Fig. 2 is embodiment of the present invention Nonvolatile resistance variation memory part Ta/HfOx/CeO2The structural representation of/NSTO, should Structure bottom is backing material NSTO, and NSTO is the strontium titanate material (doping mass fraction is 0.7%) of niobium doping, after doping Simultaneously as the hearth electrode material of device.It is one layer of monocrystalline CeO to be deposited on NSTO2Film, for reducing whole device Power consumption is deposited and reduces devices transition parameter discrete, in CeO2On be HfOx, due to depositing operation control, the HfO of acquisitionx Thin-film material is non-stoichiometric, is deposited on HfOxOn be top electric metal thin-film material Ta, Ta/HfOx/CeO2/ NSTO structures Into the resistance variation memory structure unit of the embodiment of the present invention.
Comparative example 1
Resistive memory Ta/HfOxThe preparation method of/NSTO, comprises the following steps:
Step 1:NSTO substrates are cleaned, and shield portions region is used as hearth electrode;
Step 2:Using magnetron sputtering technique HfO is deposited on NSTO filmsxFilm, thickness is 20nm, and depositing operation is: Before deposition, Chamber vacuum degree is 1 × 10-5Pa;In deposition process, chamber pressure is maintained at 2Pa, and partial pressure of oxygen control is in 5%, deposition 25 DEG C of temperature, deposition power 60W, sedimentation time 20 minutes;
Step 3:Using mask plate in HfOxTop electrode figure is formed on film;
Step 4:Using magnetron sputtering technique in HfOxTa metal electrode layers are deposited on film, thickness is 80nm, deposit work Skill is:Before deposition, Chamber vacuum degree is 2 × 10-4Pa;In deposition process, chamber pressure is maintained at 1Pa, and 25 DEG C of depositing temperature sinks Product power 60W, sedimentation time 4 minutes.
Step 5:Removal mask plate, obtains resistive memory Ta/HfOx/CeO2/NSTO。
Embodiment 1
Resistive memory Ta/HfOx/CeO2The preparation method of/NSTO, comprises the following steps:
Step 1:NSTO substrates are cleaned, and shield portions region is used as hearth electrode;
Step 2:Using pulsed laser deposition technique on NSTO one layer of ultra-thin CeO of extension2Film, thickness is 4nm, deposition Technique is:Before deposition, the vacuum of chamber is~1 × 10-8Pa;Laser pulse frequency 1Hz in deposition process, target base spacing is 80mm, the vacuum in deposition process is~3 × 10-8Pa, underlayer temperature is 800 DEG C, and laser ablation energy is 1Jcm-2
Step 3:Using magnetron sputtering technique in CeO2HfO is deposited on filmxFilm, thickness is 20nm, and depositing operation is: Before deposition, Chamber vacuum degree is 1 × 10-5Pa;In deposition process, chamber pressure is maintained at 2Pa, and partial pressure of oxygen control is in 5%, deposition Temperature room temperature, deposition power 60W, sedimentation time 20 minutes;
Step 4:Using mask plate in HfOxTop electrode figure is formed on film;
Step 5:Using magnetron sputtering technique in HfOxTa metal electrode layers are deposited on film, thickness is 80nm, deposit work Skill is:Before deposition, Chamber vacuum degree is 2 × 10-4Pa;In deposition process, chamber pressure is maintained at 1Pa, and depositing temperature room temperature is sunk Product power 60W, sedimentation time 4 minutes.
Step 6:Removal mask plate, obtains resistive memory Ta/HfOx/CeO2/NSTO。
Fig. 3 is comparative example resistive memory Ta/HfO of the present inventionxThe transmission electron microscopy structure chart of/NSTO devices.From Interface and the thickness between three-layer thin-film can must be clearly found out in figure, and is existed without obvious boundary layer, NSTO is single Crystalline state, HfOxIt is amorphous state, Ta is polycrystalline state.
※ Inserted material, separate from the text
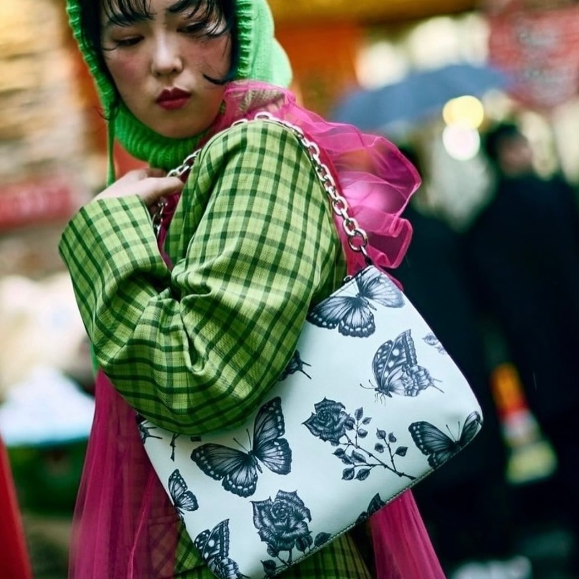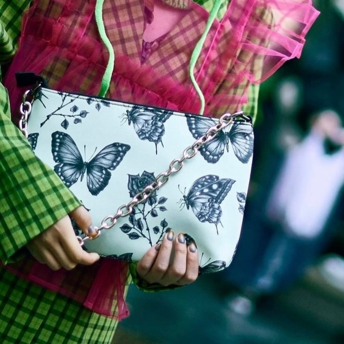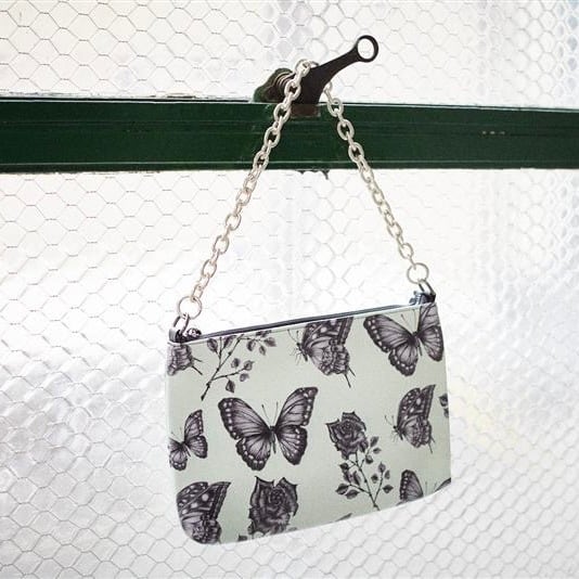 クラシックなシルエットが特徴のオリジナルショルダーバッグ。蝶と薔薇柄が美しいスタイリッシュなデザイン。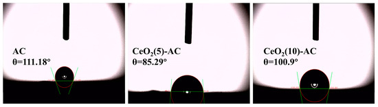 According to the analysis of Figure 4 and Figure 7, the contact angle of the activated carbon electrode is 111.18°, which is a hydrophobic material, while the contact angle of the CeO2(5)-AC electrode is 85.29°, which is a hydrophilic material. The increase in hydrophilic energy can make it easier and faster for ions to diffuse into the electrode, thereby improving the electro-adsorption performance and obtaining good capacitance. However, when the CeO2 doping mass ratio was increased to 10 wt%, the electrode contact angle was 100.9°, which may be due to the aggregation of CeO2 fine particles on the AC surface and accumulation in the pores, which can be observed in the SEM images.

Fig. 4 is resistive memory Ta/HfO of the present inventionx/CeO2The transmission electron microscopy structure chart of/NSTO.Can from figure Must clearly find out interface and the thickness between four-level membrane, and exist without obvious boundary layer, NSTO is monocrystalline state, CeO2It is monocrystalline state, there is phase relation, HfO with NSTOxIt is amorphous state, Ta is polycrystalline state.
Fig. 5 comparative example resistive memory Ta/HfO of the present inventionxThe resistive characteristic curve of/NSTO devices, shows good Good resistance transformation characteristic, can be used for memory device.
Fig. 6 comparative example resistive memory Ta/HfO of the present inventionxThe voltage of/NSTO devices-cycle-index curve, from figure It can be seen that, although comparative example of the present invention also shows preferable resistive characteristic, but its transition parameters is discrete, increases outer Enclose the degree of difficulty of circuit design.
Fig. 7 is resistive memory Ta/HfO of the present inventionx/CeO2The resistive characteristic curve of/NSTO, shows good Resistance transformation characteristic, can be used for memory device, and compared with comparative example, with lower current value that is, lower Power consumption.
Fig. 8 is resistive memory Ta/HfO of the present inventionx/CeO2The device voltage of/NSTO-cycle-index curve, from figure It can be seen that compared with comparative example of the present invention 1, transition parameters discrete type substantially weakens, illustrate that the present invention significantly inhibits resistive The discrete problem of memory device transition parameters.
Fig. 9 is resistive memory Ta/HfO of the present inventionx/CeO2/ NSTO and comparative example resistive memory Ta/ of the present invention HfOxThe power dissipation ratio of/NSTO devices is relatively schemed, and as can be seen from the figure has lower power consumption number compared with comparative example of the present invention 1, Suitable for embedded device.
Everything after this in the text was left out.